The association between Hepatitis viral co-infection and CD4 T lymphocytes count is currently a subject of debate, with some studies showing no existence of a relationship and others showing the association [10]. The picture in our study also pointed to the latter. Until six months of ART, the average CD4 cell count among those individuals who had HBV co-infection was less than those who didn’t. Then after having taken ART, the HBV uninfected persons improved significantly. At six months’ duration (P=0.006) and one years’ duration (P=0.027) the mean CD4 cell count was found to be significantly more among HBV uninfected cases. But then after, there was no significant association on average CD4 cell count among the two groups. The degree of immunodeficiency represents an important factor in the progression of hepatitis among individuals co-infected with HBV [11]. Co-infection with HIV and HBV has been associated with more rapid progression of liver disease and higher rates of mortality [12]. As shown in Figure 1, the CD4 cell count was always to the higher margin among HIV mono-infected individuals compared to those having the dual infection. When both HBV and HIV co-infect a patient, the mortality rate from chronic hepatitis B is increased above that of either infection alone with a faster rate of progression to liver cirrhosis and hepatocellular carcinoma [11]. Further, hepatotoxicity is a common side effect associated with the use of many therapeutic agents. Drug-related hepatotoxicity of antiretroviral therapy for HIV infection is more frequent among patients who are co-infected with Hepatitis viruses [13]. Co-infection of HBV has been associated with increased risk of antiretroviral-therapy related hepatotoxicity and increased risk of progression to liver disease, which is a major cause of morbidity and mortality in HIV-infected patients [14].

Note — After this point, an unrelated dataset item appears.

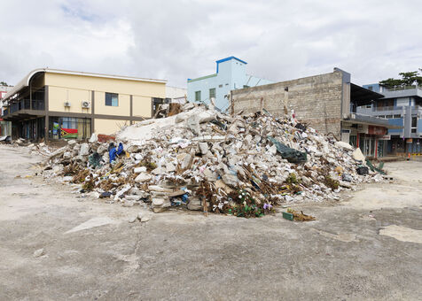 At the end of January, six weeks after the earthquake, the risk of collapse was still such that the business district of Port Vila remained sealed off. It is forbidden to travel inside the ‘red zone’, either on foot or in a vehicle, without a pass issued by the authorities. Weakened buildings are still in danger of collapsing. Around a hundred have been declared safe, but some will have to be demolished, such as the Lolam building, Chantilly's hotel on the seafront and the French, American and New Zealand embassies, whose famous La Casa D'Andrea e Luciano building is nothing but a pile of concrete.
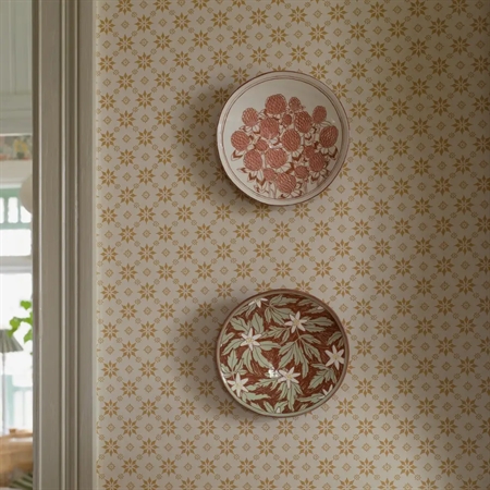 Her ses Stella i en varm og hyggelig farvesammensætning med okkergule stjerner på en natur/lys beige bund. Limtrykket giver tapetet en levende overflade med tydelig håndværkskarakter og et roligt, klassisk udtryk.

In general, viral hepatitis can be prevented through vaccination, risk reduction education and transmission diminution [15]. Reductions in community incidence rates of HIV infection and Hepatitis B among IDUs have also been noted in association with syringe exchange programs [16]. Yet syringe exchange approach has controversially mixed results. Vaccination is a widely accepted strategy for lowering the incidence of HBV infection in HIV-infected individuals [2].
HBV and HIV co-infection is an emerging health issue in Nepal. HBV co-infection was found more among those having multiple sex partners. Mean CD4 cell count was found to be higher among HBV uninfected individuals than HBV co-infected ones after ART. Hence, ART plays an important role in increasing CD4 cell count and this increment is more among HBV uninfected HIV positive individuals.
Limitations
The limitations of the study, due to resource constraints, were along the following lines:
HBeAg, anti-HBe and HBV DNA could not be included.
Patients taking medication for HBV infection could not be incorporated.
Relationship between helper T cell and suppresser T cell could not be ascertained.
Acknowledgement
Had there been no support from SPARSHA Nepal (Kathmandu); Sukhra Raj Tropical and Infectious Disease Hospital (Teku, Kathmandu); and BPKIHS, Dharan; the study could not have been completed. A sincere gratitude to all the HIV infected individuals who kindly co-operated for the study despite ill health. Due concern is expressed to all the crew members of the study. Special thanks to Prof. Suman Rijal and Dr. Naveen Pandey from Department of Internal Medicine, BPKIHS for kind co-operation.